In order to allow access but keep the dry riser protected it needs to be kept in a cabinet. While it is important that fire crews can access the dry riser it is also important to prevent the system from getting damaged or vandalised which is where the cabinets come in.
There are different issues to consider when choosing a dry riser cabinet.
Do you want one that clearly indicates what it is or would you prefer something that blends into the background?
Fortunately, there are a number of options to choose that is best suited for your needs.
- Vertical surface mounted outlet – These jut out of the wall rather than being recessed into it. This is ideal if you want to make it clear where the dry riser is rather than having it blend into the background.
- Horizontal inlet cabinet – Best for people who want access to the riser but may not necessarily want it to jut out, this recessed cabinet is best for inclusion in a wall design while at the same time standing out just enough so you know where it is when you need it.
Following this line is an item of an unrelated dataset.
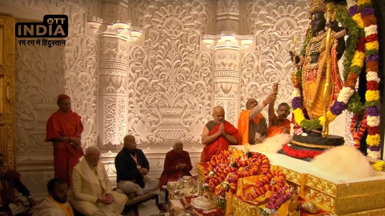 Ram Mandir Live Update: अयोध्या श्रीराम जन्मभूमि मंदिर में सोमवार 22 जनवरी को रामलला की प्राण प्रतिष्ठा हो गई है। जिसके बाद से भव्य राम मंदिर में प्रभु विराजमान होकर अपने भक्तों को दर्शन देगें। प्राण प्रतिष्ठा समारोह में शामिल होने प्रधानमंत्री नरेंद्र मोदी अयोध्या पहुंचे थे। इस विशेष समारोह में 7000 से अधिक अतिथियों को आमंत्रित किया गया था। राम मंदिर (Ram Mandir) प्राण प्रतिष्ठा से पहले पूरे अयोध्या नगर को भव्य तरीके से सजाया गया था। हर तरफ सुरक्षा व्यवस्था चाक चौबंद है। हर एक चौराहे पर अयोध्या में कमांडोज की तैनाती की गई है। OTT INDIA पर पढ़े सबसे पहले राम मंदिर से जुड़ी अपडेट...

- Stainless steel – If you want an alternative to a red painted cabinet this is perfect, especially if you favour modern/minimalist designs. You can also get floor mounted inlets, ideal for having easy access without having them stand out.
- Architrave and door – This is worth considering because it comes with a Yale slam lock, a good option if you wish to deter vandals.
The Right Choice
As you can see when it comes to dry riser cabinets there are numerous variations.
However, ultimately it comes to the same thing: making sure that the access points for the dry riser can be accessed if necessary.
It is up to you to decide how clear you want that to be, how you want it to be secured or indeed what would be the most effective choice for your particular environment. In short, what is best is to think about what you think would be most appropriate for you and anyone needing to access the dry riser is an emergency.